XONN XNOR-based Oblivious Deep Neural Network Inference · 2.1 Deep Neural Networks The computational ﬂow of a deep neural network is com-posed of multiple computational layers.

Multilayer Neural Networks: One or Two Hidden Layers?papers.nips.cc/paper/1239-multilayer-neural... · Multilayer Neural Networks: One or Two Hidden Layers? 149 1.1 NOTATIONS AND

Neural Adaptation Layers for Cross-domain Named …Neural Adaptation Layers for Cross-domain Named Entity Recognition Bill Yuchen Liny and Wei Luz yUniversity of Southern California

Bayesian Layers: A Module for Neural Network …...Bayesian Layers: A Module for Neural Network Uncertainty Dustin Tran GoogleBrain Michael W. Dusenberry GoogleBrain Mark van der Wilk

𝑐 - thogharkogh.cba.am · 𝑃= 𝑐 𝑓 ∑ (1 (1+ 𝑦 100∗𝑓) 𝑖−1+𝑡) 𝑁 𝑖=1 + (100 (1+ 𝑦 100∗𝑓) 𝑁−1+𝑡) 𝑡= 𝑆𝑁

+∞ 𝑓(𝑥)𝑑𝑥=1 - Université de Bouira

Convolutional Neural Networks - University of Pennsylvaniacis581/Lectures/Fall... · 2017-12-05 · Input: Convolutional Neural Network (CNN) Early layers learn to detect low level

Deep Learning - SNU is just another Neural Network with sparse connections Learning Algorithm: Back Propagation on Convolution Layers and Fully-Connected Layers ...
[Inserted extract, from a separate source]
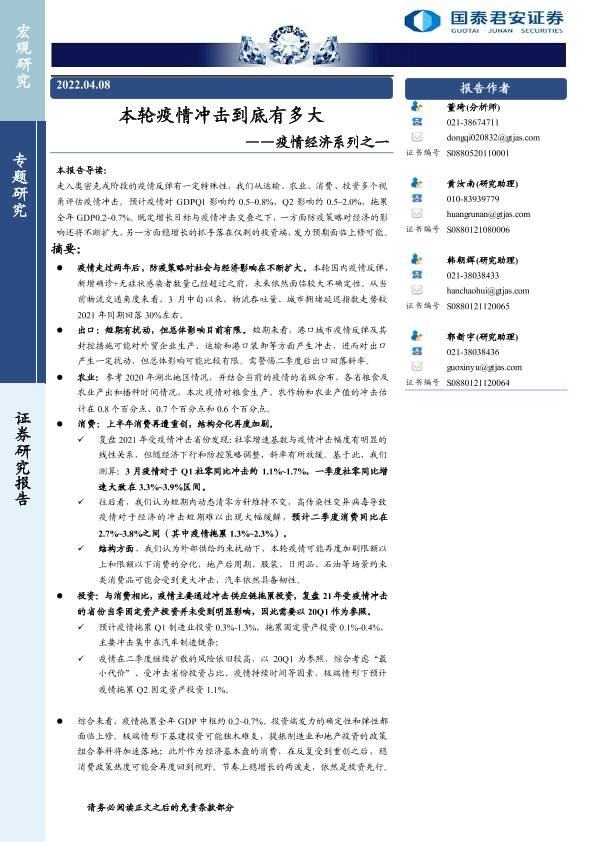 【国泰君安证券】【20220408】本轮疫情冲击到底有多大-18页

Artificial neural network model & hidden layers in multilayer artificial neural networks

3.4 Hermite Interpolation 3.5 Cubic Spline Interpolationzxu2/acms40390F12/Lec-3.4-5.pdf · Hermite Polynomial by Divided Differences Suppose 𝑥0,…,𝑥𝑛 and 𝑓, 𝑓′ are

Machine Learning Neural Networks (2). Multi-layers Network Let the network of 3 layers – Input layer – Hidden layer – Output layer Each layer has different.
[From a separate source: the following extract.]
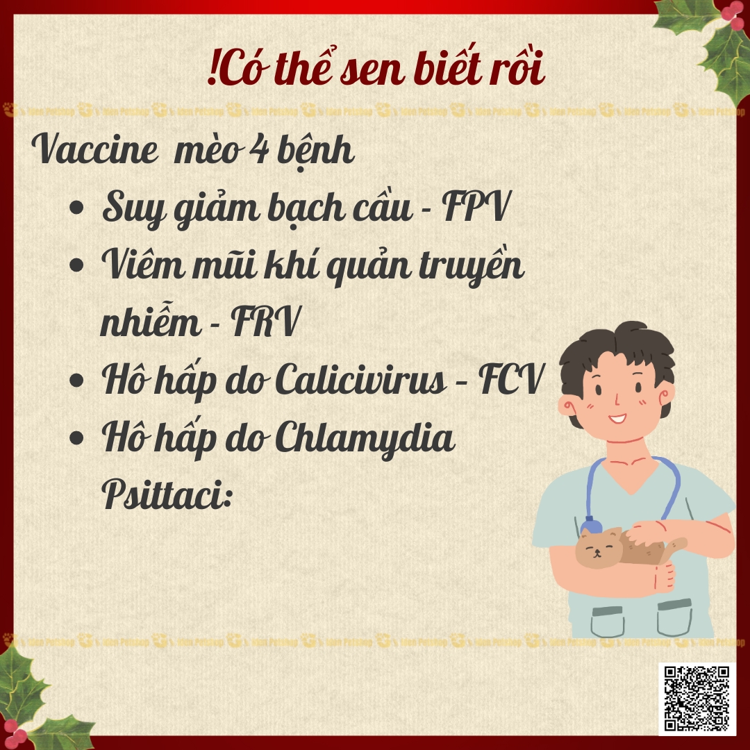 Vaccine phòng 4 bệnh trên mèo bao gồm:

4.8 Multiple Integrals and Monte Carlo Integrationzxu2/acms40390F13/MC-Integration.pdf · 4 [𝑓 , +2𝑓 , + 2 +𝑓( , )] The approximation is of order (( − )( − )[ − 2+(

Implicit Surface Representations As Layers in Neural Networksopenaccess.thecvf.com/content_ICCV_2019/papers/Michalkiewicz_I… · Implicit Surface Representations as Layers in Neural

Learning and Generalization in Overparameterized Neural ...Learning and Generalization in Overparameterized Neural Networks, Going Beyond Two Layers Zeyuan Allen-Zhu zeyuan@csail.mit.edu

Neural Networks and Deep Learning - TUM€¦ · A common problem for deep neural networks (a lot of hidden layers > 5): sigmoid derivative of the sigmoid In a deep neural network

Chapter 2: Introduction to Neural Networkssite.iugaza.edu.ps/mtastal/files/ch1-NN-All_Parts.pdf · 2019-10-08 · Neural Network Architecture/Multiple layers: X & vice versa. Now,

Artificial neural networks in medical diagnosis · 49 Amato et al.: Artificial neural networks in medical diagnosis Fig. 2. General structure of a neural network with two hidden layers.